Fidelity depends on coupling parameters, magnetic field, and temperature.

Successful teleportation regions are mapped in phase diagrams.

Output entanglement correlates with channel entanglement and fidelity.

Abstract

The quantum teleportation plays an important role in quantum information process, in this sense, the quantum entanglement properties involving an infinite chain structure is quite remarkable because real materials could be well represented by an infinite chain.
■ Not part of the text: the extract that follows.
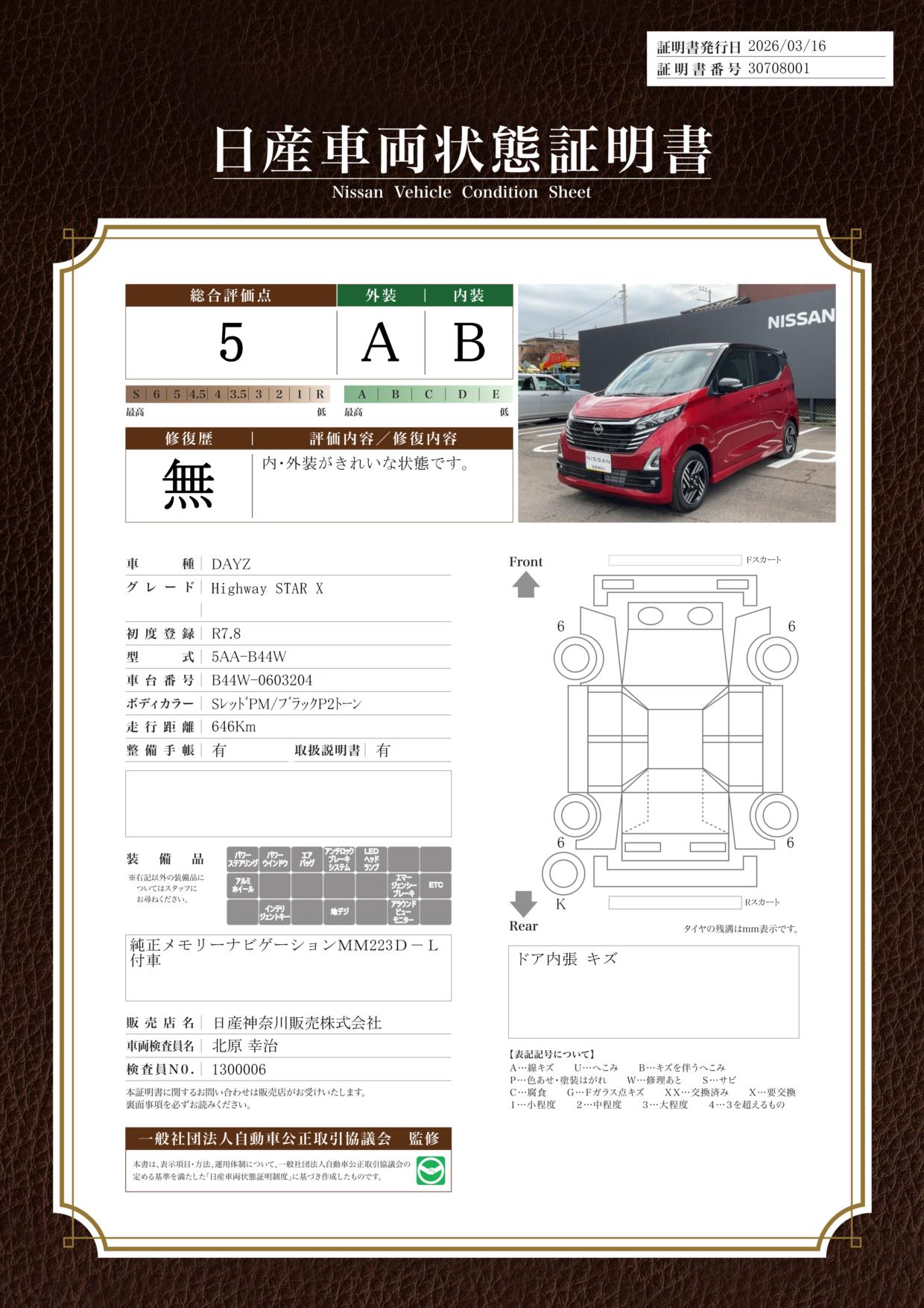 「車両状態証明書」は、査定協会監修のプロの検査員が公正かつ確かな基準で検査した”安心の証”です。

We study the teleportation of an entangled state through a couple of quantum channels, composed by Heisenberg dimers in an infinite Ising-Heisenberg diamond chain, the couple of chains are considered sufciently far away from each other to be ignored the any interaction between them . To teleporting a couple of qubits through the quantum channel, we need to find the average density operator for Heisenberg spin dimers, which will be used as quantum channels. Assuming the input state as a pure state, we can apply the concept of fidelity as a useful measurement of teleportation performance of a quantum channel. Using the standard teleportation protocol, we have derived an analytical expression for the output concurrence, fidelity, and average fidelity. We study in detail the effects of coupling parameters, external magnetic field and temperature dependence of quantum teleportation. Finally, we explore the relations between entanglement of the quantum channel, the output entanglement and the average fidelity of the system. Through a kind of phase diagram as a function of Ising-Heisenberg diamond chain model parameters, we illustrate where the quantum teleportation will succeed and a region where the quantum teleportation could fail.